The Lacon Street Burger

A little secret that this street hides -because it is behind it, at rue das Fontiñas 4- is the ** bar Pampín .** Led by the skill of Alén Tarrío, chef award winner 2019 of the Gastronomic Forum, it is the perfect place to Try traditional cuisine taken to the maximum expression.

In I love _(rúa San Pedro, 32) _ you can have a wine in a spectacular interior garden or d enjoy tapas or the menu of the day in a bar with lareira (chimney) that is always overflowing. Traditional cuisine with local product that changes every week (there was in October a cream of lentils with curry and coconut and some pork ribs with chimichurri and puree that I'm still crying about).

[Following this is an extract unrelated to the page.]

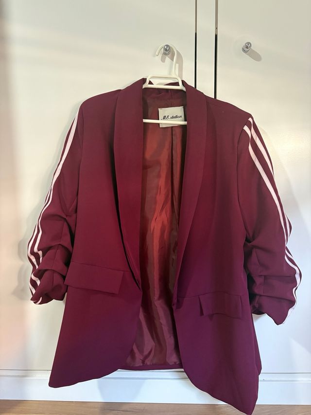 Americana en color burdeos. Presenta un diseño moderno con rayas en las mangas.

potted _(rúa San Pedro, 120) _ offers local products made with care and with a turn in the hands of Jorge Gago , revelation chef in 2017 and winner of the city's tapas contest. so you can try a horse mackerel sashimi or a 'picantón' of Celtic rooster, In addition to having a super nice interior garden where you can have a beer and enjoy the silence.

Bonus ball. As I see that some picky eater won't want to leave the gravitational field of the Cathedral (it happens sometimes, it's normal), you can always be stunned by the latest creation by **Marcelo Tejedor, the Michelin star of Casa Marcelo ** _(rúa das Hortas 1, at the foot of the Cathedral) _ which, a few steps from it, has set up a top-secret gastronomic project called Mr Chu _(rua das Hortas, 25) _. the background story, the plot line of its flavors is the Asian continent. And the bathroom is full of maneki nekos, the golden cats that give you luck on the arm.

Or you can return to the maelstrom and survive. You already know that Santiago offers everything. Even a bar rally.